We can't teach everyone basic statistics, more and more people come to the site and then they just argue with all the explanations...

ichabod801

Maybe we should draft one detailed explanation for the non-statisticians, and reference that whenever the subject comes up.

TheGrobe

It would actually be ideal, I think, if we could get Erik to update this article with a breif explanation of why they can not be compared.  That way when it's referenced, there should be little question because it's from someone in a position of authority.  If someone else writes it, it will be called into question every time it's referenced.

http://www.chess.com/article/view/chess-ratings---how-they-work

ichabod801

Okay, I redid my calculations on the distribution of chess.com ratings:

http://blog.chess.com/view/ratings-distribution-redux

The odd thing is the that the median is increasing much faster than the average. Indeed, the 20th percentile is increasing faster than the average. I don't really understand it.

876543Z1
ichabod801 wrote:

No, that's the answer to your question. Which part don't you understand?

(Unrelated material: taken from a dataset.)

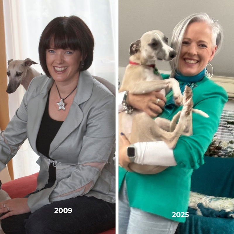 I’ve changed over the past 17 years, and I bet you have too, I’ve gotten divorced and remarried, I’ve embraced my grey hair and now I need glasses to read, though one thing remains the same in my life, whippets will always be a part of it!

Well no science, maths or references to support your one line thesis so I suppose that's the best effort I'm going to get from you.

>:)

876543Z1
TheGrobe wrote:

It would actually be ideal, I think, if we could get Erik to update this article with a breif explanation of why they can not be compared.  That way when it's referenced, there should be little question because it's from someone in a position of authority.  If someone else writes it, it will be called into question every time it's referenced.

http://www.chess.com/article/view/chess-ratings---how-they-work


Erik, & others have already stated that their chess.com & otb grades are comparable. I'm not saying though that Erik's views prior, now & future would hold any authority over this topic.

>:)

ichabod801
87654321 wrote:
ichabod801 wrote:

No, that's the answer to your question. Which part don't you understand?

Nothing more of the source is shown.